**Dataset excerpt**
^^^^
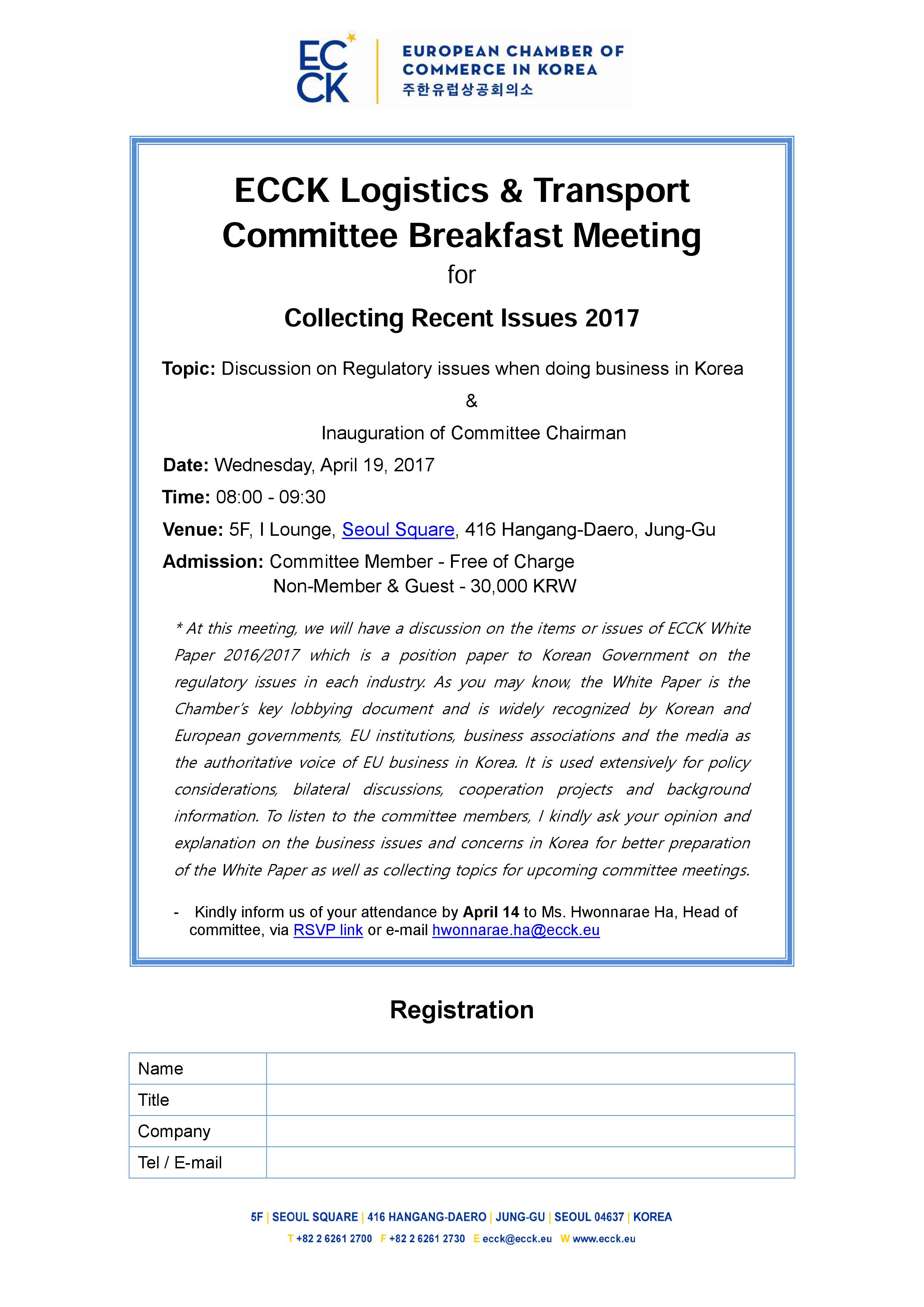 april 2017 19apr8:00 AM9:30 AMEvent OverECCK Logistics & Transport Committee Breakfast MeetingECCK Events:ECCK RSVP NowRSVPing is closed at this time. Can not make it to this event?Change my RSVP Event Details Click here to see the invitation. Event Details Click here to see the invitation. Time (Wednesday) 8:00 AM - 9:30 AM LocationSeoul Square CalendarGoogleCal
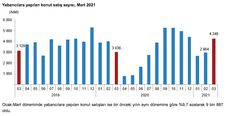 Yabancılara yapılan konut satışları bir önceki yılın aynı ayına göre %39,9 artarak 4 bin 248 oldu. Yabancılara yapılan konut satışlarında, Mart ayında ilk sırayı 2 bin 119 konut satışı ile İstanbul aldı. İstanbul'u sırasıyla 889 konut satışı ile Antalya, 252 konut satışı ile Ankara, 184 konut satışı ile Mersin ve 129 konut satışı ile Yalova izledi.
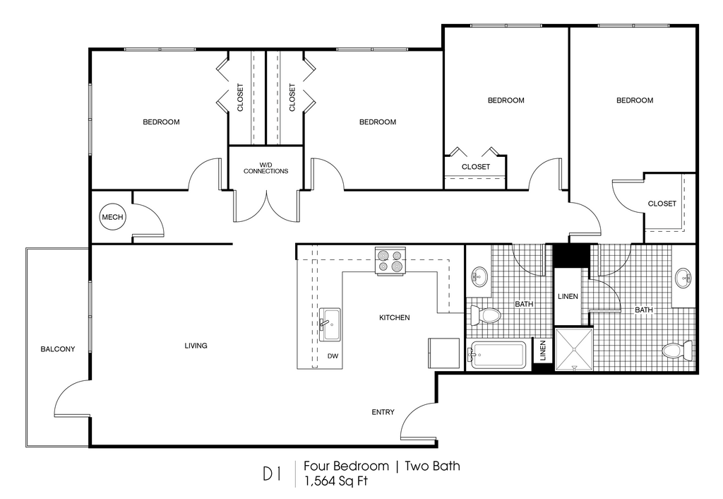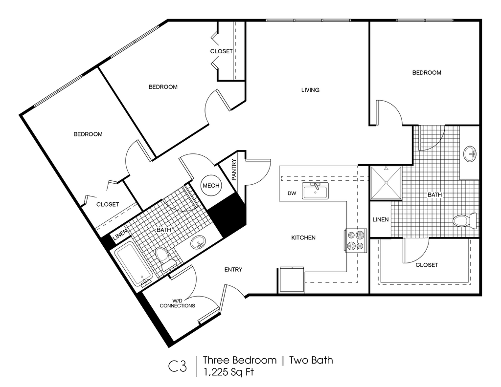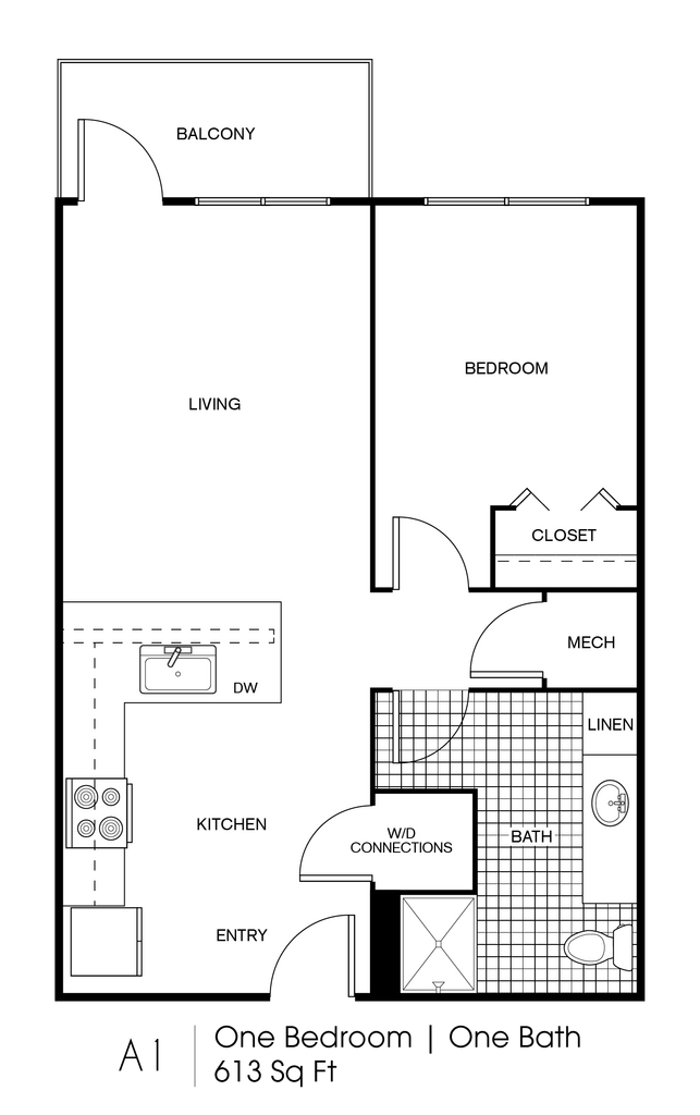 Apartment Model: A1-50From $1,2551 Bedroom, 1 Bath, 613 sq ftAvailable April 1, 2026![]()
^^^^
**Work to complete**
Copy the listing exactly but drop its images.

**Task answer**
 april 2017 19apr8:00 AM9:30 AMEvent OverECCK Logistics & Transport Committee Breakfast MeetingECCK Events:ECCK RSVP NowRSVPing is closed at this time. Can not make it to this event?Change my RSVP Event Details Click here to see the invitation. Event Details Click here to see the invitation. Time (Wednesday) 8:00 AM - 9:30 AM LocationSeoul Square CalendarGoogleCal
 Yabancılara yapılan konut satışları bir önceki yılın aynı ayına göre %39,9 artarak 4 bin 248 oldu. Yabancılara yapılan konut satışlarında, Mart ayında ilk sırayı 2 bin 119 konut satışı ile İstanbul aldı. İstanbul'u sırasıyla 889 konut satışı ile Antalya, 252 konut satışı ile Ankara, 184 konut satışı ile Mersin ve 129 konut satışı ile Yalova izledi.
 Apartment Model: A1-50From $1,2551 Bedroom, 1 Bath, 613 sq ftAvailable April 1, 2026![]()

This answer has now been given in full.